#### Data provided ####

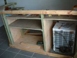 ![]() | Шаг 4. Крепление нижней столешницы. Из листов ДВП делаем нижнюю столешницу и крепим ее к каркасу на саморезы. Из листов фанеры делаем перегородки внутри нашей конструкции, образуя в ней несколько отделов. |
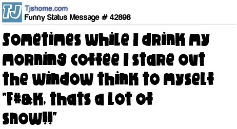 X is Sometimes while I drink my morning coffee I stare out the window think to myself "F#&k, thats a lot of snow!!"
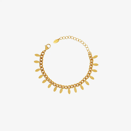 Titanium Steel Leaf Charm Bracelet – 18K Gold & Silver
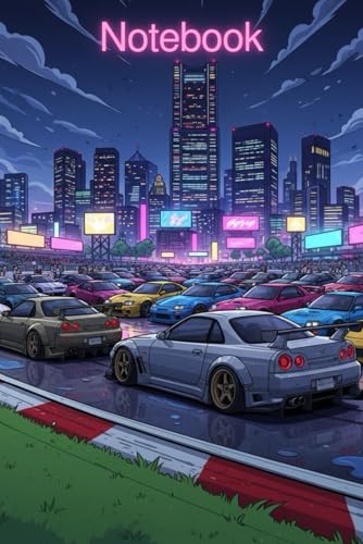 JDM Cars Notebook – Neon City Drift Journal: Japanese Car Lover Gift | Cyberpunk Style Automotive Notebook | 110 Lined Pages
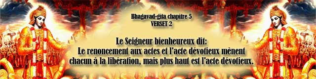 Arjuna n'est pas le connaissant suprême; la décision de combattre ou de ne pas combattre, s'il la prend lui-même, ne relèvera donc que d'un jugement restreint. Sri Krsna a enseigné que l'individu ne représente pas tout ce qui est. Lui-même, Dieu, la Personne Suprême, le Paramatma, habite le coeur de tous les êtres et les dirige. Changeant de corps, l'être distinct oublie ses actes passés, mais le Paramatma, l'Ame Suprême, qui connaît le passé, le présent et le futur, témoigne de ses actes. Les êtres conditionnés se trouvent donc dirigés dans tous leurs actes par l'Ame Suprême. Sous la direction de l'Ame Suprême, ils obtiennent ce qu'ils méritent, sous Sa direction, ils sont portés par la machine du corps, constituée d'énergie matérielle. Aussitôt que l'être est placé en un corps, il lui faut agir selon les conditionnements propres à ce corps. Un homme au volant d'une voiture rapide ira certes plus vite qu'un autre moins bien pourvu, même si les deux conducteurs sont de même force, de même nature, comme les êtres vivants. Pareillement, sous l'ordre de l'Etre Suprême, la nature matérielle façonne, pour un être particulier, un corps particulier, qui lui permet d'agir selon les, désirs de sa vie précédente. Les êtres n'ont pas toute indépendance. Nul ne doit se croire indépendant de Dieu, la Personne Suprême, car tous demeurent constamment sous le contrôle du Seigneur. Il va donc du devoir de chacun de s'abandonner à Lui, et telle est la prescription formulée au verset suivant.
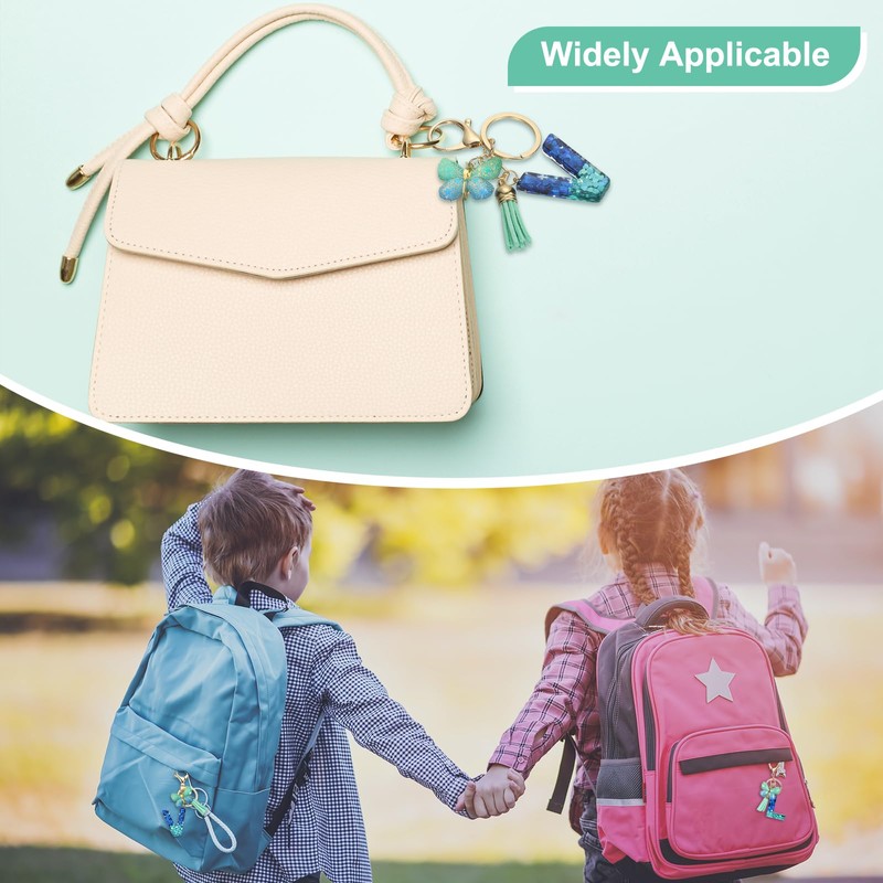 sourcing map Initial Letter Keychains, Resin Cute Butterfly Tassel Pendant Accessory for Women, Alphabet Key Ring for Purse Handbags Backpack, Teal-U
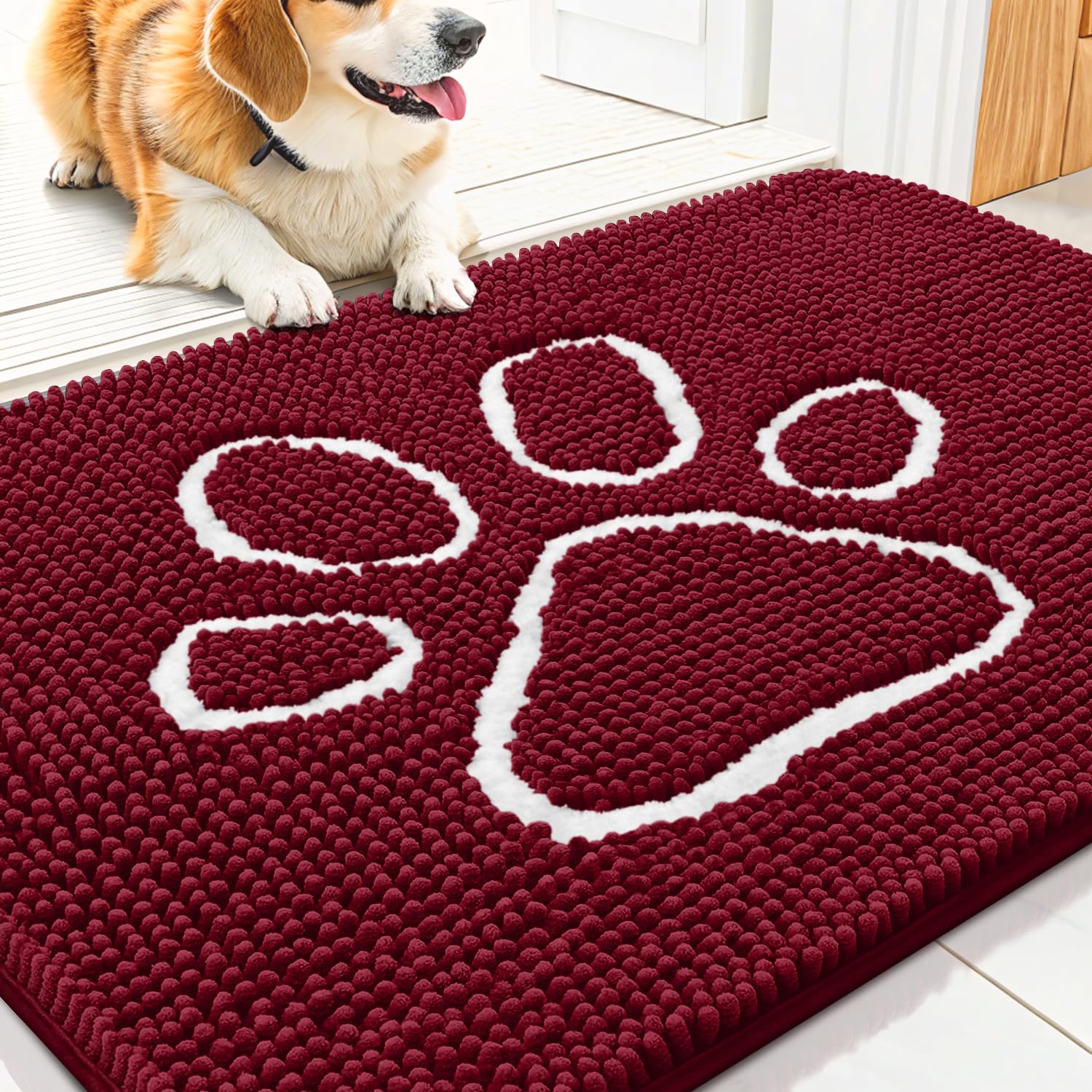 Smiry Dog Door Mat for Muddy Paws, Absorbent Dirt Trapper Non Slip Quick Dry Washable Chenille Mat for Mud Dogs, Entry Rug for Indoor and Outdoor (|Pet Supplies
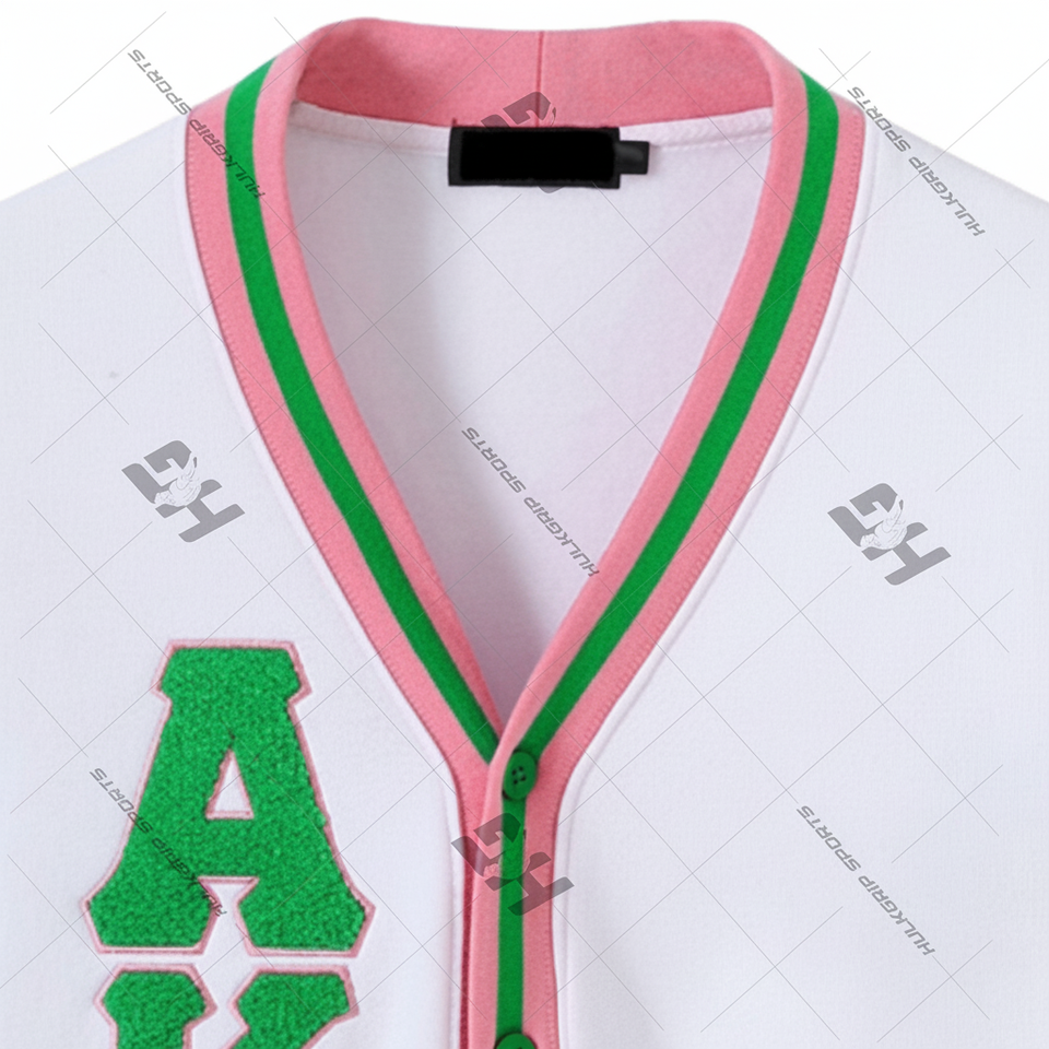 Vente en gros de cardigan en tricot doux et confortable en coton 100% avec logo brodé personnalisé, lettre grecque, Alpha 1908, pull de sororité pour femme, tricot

####

What you are asked to do: Once the pictures are set aside, output the whole listing exactly.

Result of this exercise:
 ![]() | Шаг 4. Крепление нижней столешницы. Из листов ДВП делаем нижнюю столешницу и крепим ее к каркасу на саморезы. Из листов фанеры делаем перегородки внутри нашей конструкции, образуя в ней несколько отделов. |
 X is Sometimes while I drink my morning coffee I stare out the window think to myself "F#&k, thats a lot of snow!!"
 Titanium Steel Leaf Charm Bracelet – 18K Gold & Silver
 JDM Cars Notebook – Neon City Drift Journal: Japanese Car Lover Gift | Cyberpunk Style Automotive Notebook | 110 Lined Pages
 Arjuna n'est pas le connaissant suprême; la décision de combattre ou de ne pas combattre, s'il la prend lui-même, ne relèvera donc que d'un jugement restreint. Sri Krsna a enseigné que l'individu ne représente pas tout ce qui est. Lui-même, Dieu, la Personne Suprême, le Paramatma, habite le coeur de tous les êtres et les dirige. Changeant de corps, l'être distinct oublie ses actes passés, mais le Paramatma, l'Ame Suprême, qui connaît le passé, le présent et le futur, témoigne de ses actes. Les êtres conditionnés se trouvent donc dirigés dans tous leurs actes par l'Ame Suprême. Sous la direction de l'Ame Suprême, ils obtiennent ce qu'ils méritent, sous Sa direction, ils sont portés par la machine du corps, constituée d'énergie matérielle. Aussitôt que l'être est placé en un corps, il lui faut agir selon les conditionnements propres à ce corps. Un homme au volant d'une voiture rapide ira certes plus vite qu'un autre moins bien pourvu, même si les deux conducteurs sont de même force, de même nature, comme les êtres vivants. Pareillement, sous l'ordre de l'Etre Suprême, la nature matérielle façonne, pour un être particulier, un corps particulier, qui lui permet d'agir selon les, désirs de sa vie précédente. Les êtres n'ont pas toute indépendance. Nul ne doit se croire indépendant de Dieu, la Personne Suprême, car tous demeurent constamment sous le contrôle du Seigneur. Il va donc du devoir de chacun de s'abandonner à Lui, et telle est la prescription formulée au verset suivant.
 sourcing map Initial Letter Keychains, Resin Cute Butterfly Tassel Pendant Accessory for Women, Alphabet Key Ring for Purse Handbags Backpack, Teal-U
 Smiry Dog Door Mat for Muddy Paws, Absorbent Dirt Trapper Non Slip Quick Dry Washable Chenille Mat for Mud Dogs, Entry Rug for Indoor and Outdoor (|Pet Supplies
 Vente en gros de cardigan en tricot doux et confortable en coton 100% avec logo brodé personnalisé, lettre grecque, Alpha 1908, pull de sororité pour femme, tricot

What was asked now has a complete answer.